The history of the olive is obscure and controverted and is lost in the night of centuries. Its home seems to have been in Southern Central Asia, where it was first domesticated and improved by the Semitic races of that country. Monuments and history show that the wild olive existed on the Grecian coasts of Asia Minor, in the Islands and in Greece itself. Probably the Greeks received its culture from the Semitics. But when, who can tell? In Homer's time, the ninth century, B. C., frequent mention is made of the olive, but always as a foreign importation, which was used entirely for anointing the body and not for food or light. It seems as if in later parts of Homer we see indications of the beginning of its culture, probably on the Ionic coasts and islands, not on the main land. Samos means "planted with olives." As for Miletus and Chios we have evidence of olives from the time of Talete, 639 to 546 B. C.
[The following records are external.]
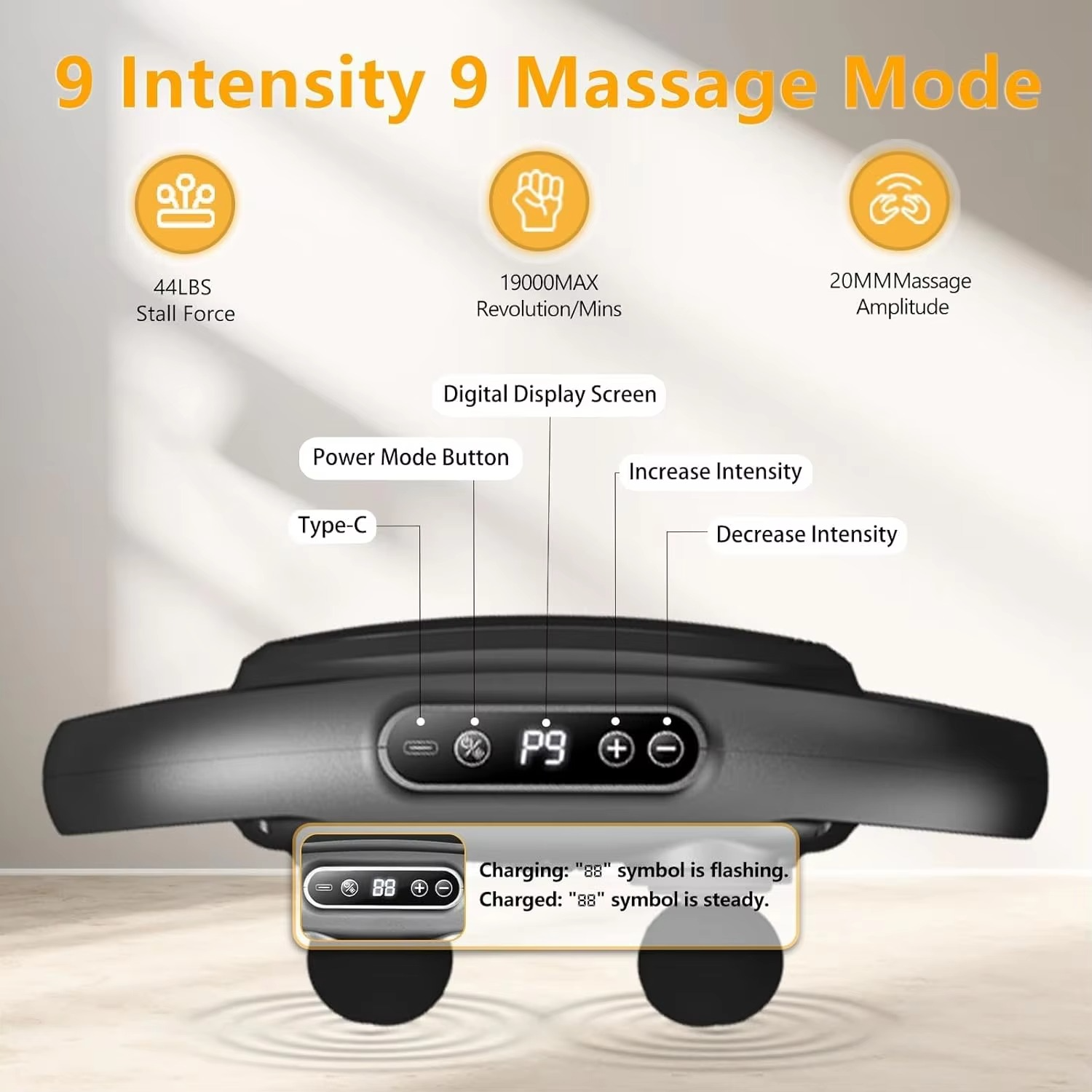 ✔ Powerful Percussion Therapy: Breaks deep tissue tension with up to 9 adjustable intensity levels.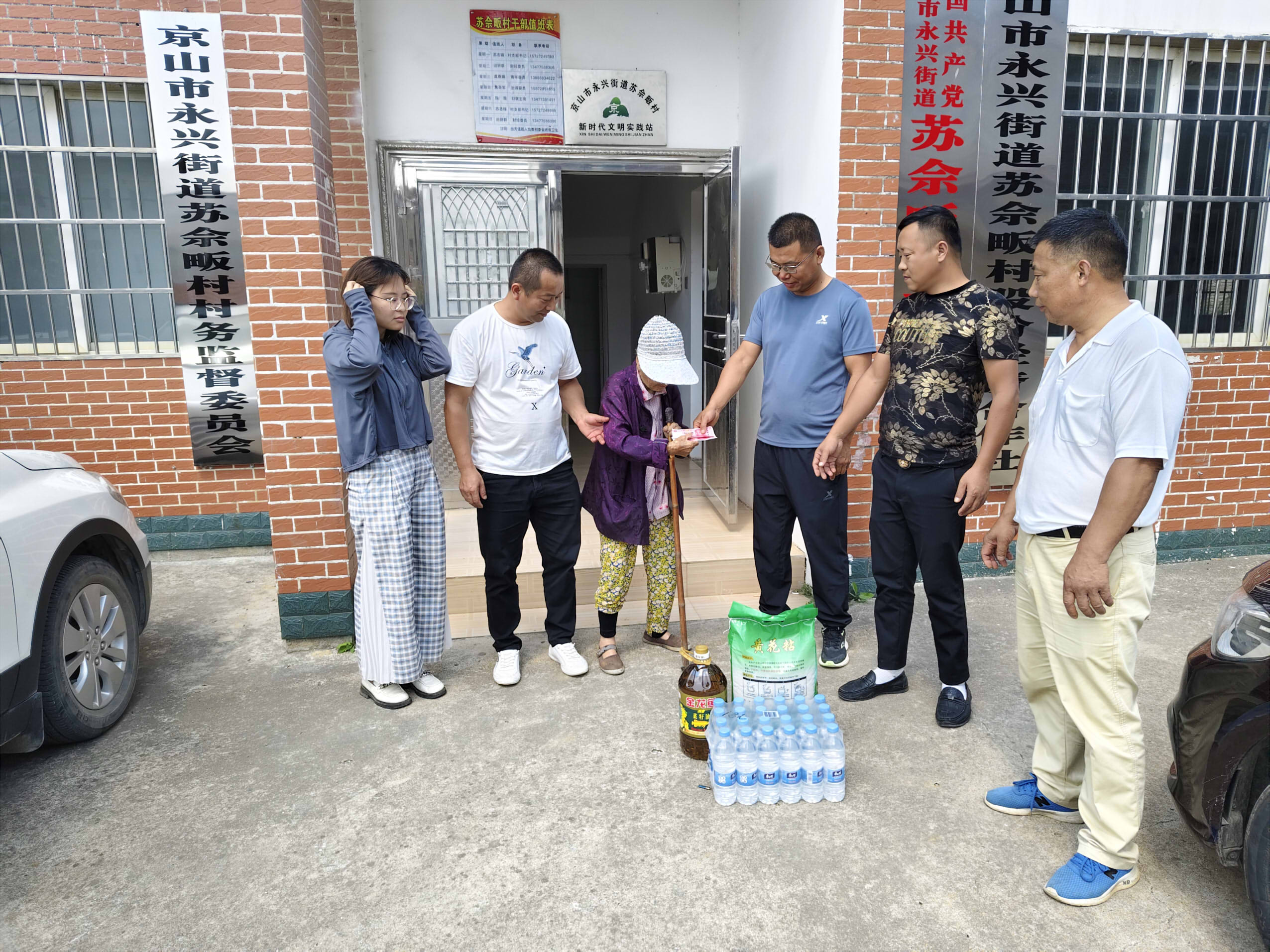 6月6日,永興街道蘇佘畈村村民留守老人楊兆英在村委會(huì)門口收到了一份特殊的“端午節(jié)禮物”,該街道轄區(qū)企業(yè)崢嶸農(nóng)業(yè)合作社負(fù)責(zé)人劉若崢為其捐贈(zèng)了生活物資,送去了溫暖與關(guān)愛?!艾F(xiàn)在天氣炎熱,您在家要注意用火用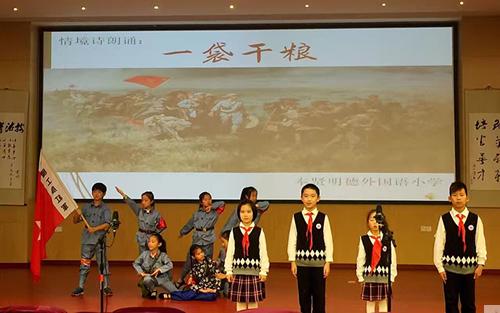 各支参赛队经过师生的精心编排,充分运用音乐、舞蹈、喜剧、情景表演、多媒体等形式,呈现了精彩的诗歌朗诵表演。舞台上,孩子们用饱满的情感热烈讴歌红军将士,生动再现长征途中浴血奋战、克服艰险、坚定信仰、不畏牺牲的红军形象。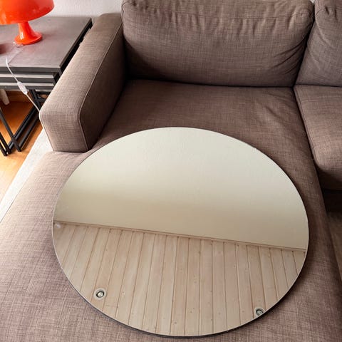 Pent brukt speil med gullkant! Kan henges opp på vegg eller brukes som bordfat. Må hentes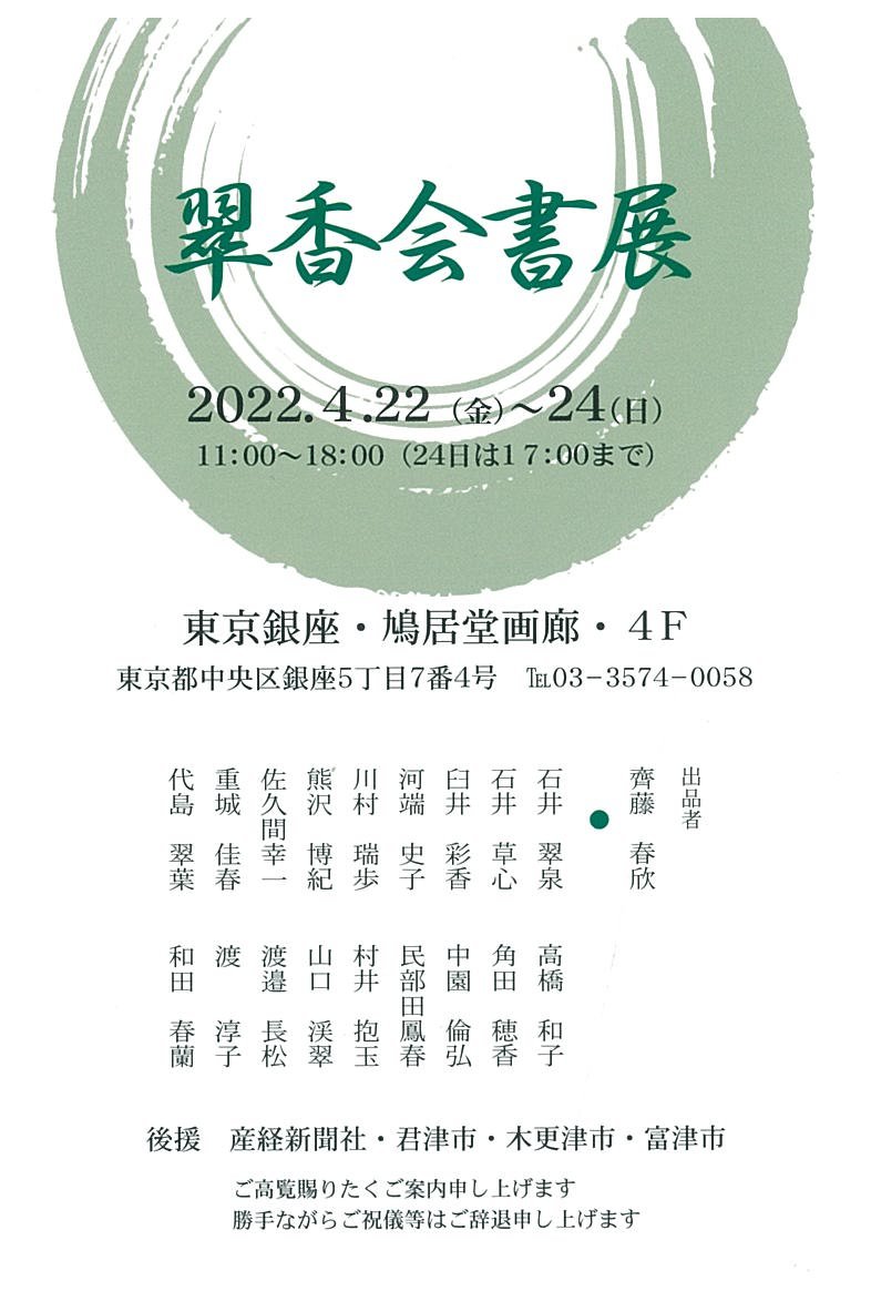 | 展覧会名 会期 会場 団体・代表名 | 翠香会書展 4月22日(金)~4月24日(日) 銀座鳩居堂画廊 4階 翠香会・齊藤春欣 |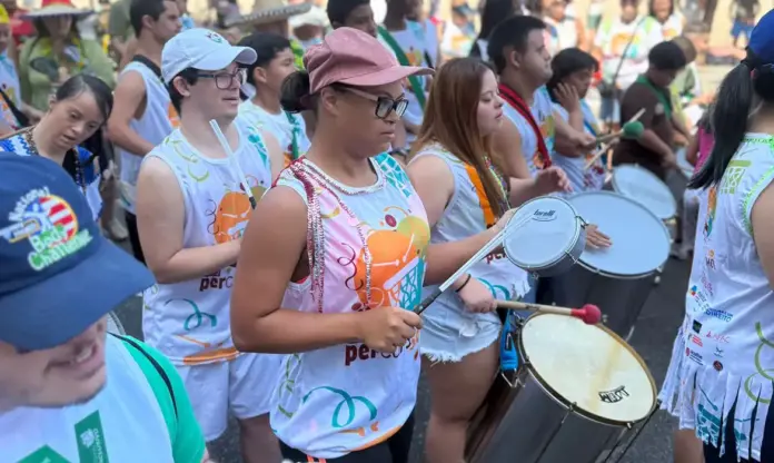 Maria Fernanda, de 21 anos, é um dos 70 ritmistas que puxam o bloco, afirmando o protagonismo de pessoas com deficiência no carnaval da antiga capital fluminense. Ela tem síndrome de Down, e é conselheira municipal titular de pessoas com deficiência no Conselho de Direitos Humanos da cidade. “Estou muito feliz”, disse a jovem.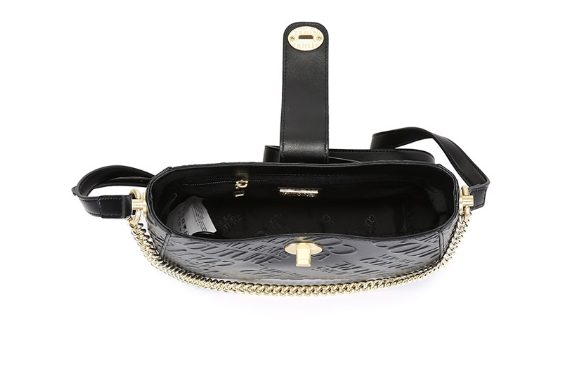 在配色方面,寺库这款包袋也没有太花哨,纯黑的配色,间或的金色金属作为配饰,由内而外散发出轻奢的感觉。寺库这款纯黑的包袋没有在颜色上做文章,但是依然让人感觉充满设计感。寺库这款包袋,包身上饰有范思哲品牌的英文字母标志,彰显品牌气质的同时也为包袋增加了立体感。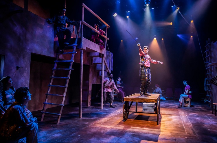 Directed by Christian Durham, ‘Zorro The Musical’ is vibrant and energetic, effectively recreating the hot bustling streets of 1800s Los Angeles and filling the stage with life and character. The show is performed once again in the traverse staging layout now favoured by the Charing Cross Theatre, and it suits the piece really well, perhaps the most successful of the recent productions here in this regard. The cast use every inch of the relatively small performance space, transitions are slick and the choreography is stunning when viewed at such closeness. The swordfight scenes are equally impressively, not holding back in terms of ferocity, and the front rows on either side may feel like ducking at times. The audience really does feel part of the action and the story, and it’s a fantastic achievement by all of the creatives involved.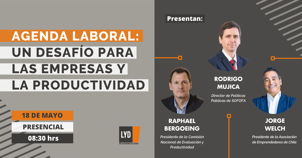 Para tratar estos temas, invitamos al conversatorio "Agenda laboral: un desafío para las empresas y la productividad", en el cual  Raphael Bergoeing, Rodrigo Mujica y Jorge Welch abordarán los efectos que las reformas laborales del Gobierno tienen en las empresas y cómo la productividad es una variable clave para el desarrollo del país.
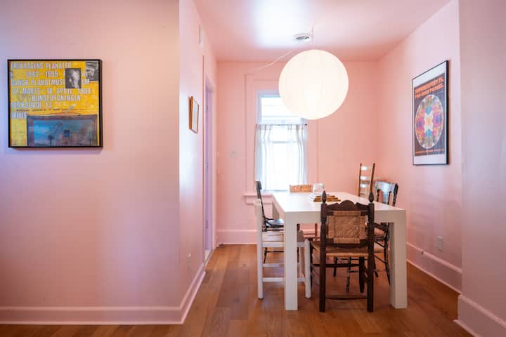 Lake Effect Club najkreativniji je smještaj u Milwaukeeju — 150 godina stara zgrada preuređena je odvažnim bojama, dizajnerskim vintage predmetima i novim udobnostima. ✦ Smješten u jednoj od najživopisnijih gradskih četvrti, to je kratkoročni najam koji dokazuje da je Milwaukee jednako cool kao i jezero na kojem se nalazi.
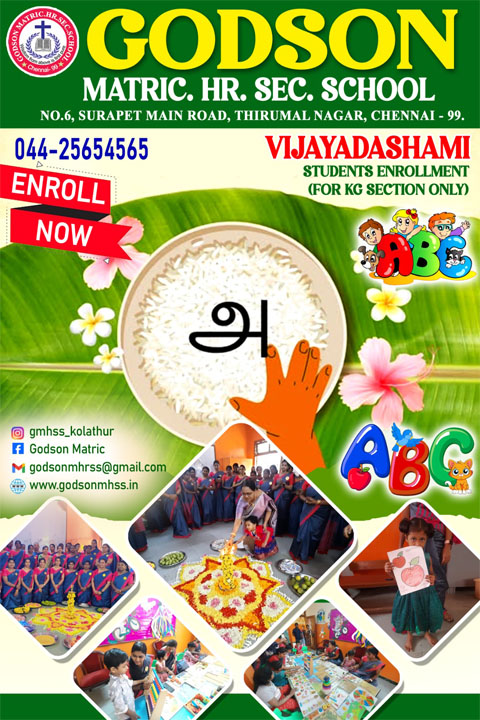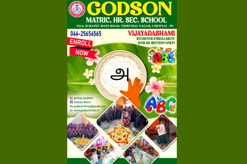 Godson Matriculation Higher Secondary School provides state of the art facilities to its students and staff members to encourage and support all their activities. It has a well stocked library, laboratories for Science and Computers. Sports facilities include outdoor and indoor games such as Kho-Kho, Kabaddi, Throw Ball, Tennikoit, Volley Ball, Yoga/ Meditation, Aerobics, Chess, Carrom etc., Read More

The Egyptian bas reliefs show us how that people extracted oil from the olive before the invention of the stone for crushing the berries. These depict the pressing of sacks of olives to extract the oil and then washing with water till only the clean stones remain.

A certain Aristeo is said to have been the first to cultivate the tree in Sicily and to him is attributed the invention of the crushing stone.

Herodotus tells us that Athens was the seat of olive cultivation in Greece. At the beginning of the sixth century B. C., olive culture is mentioned in the laws of Solon.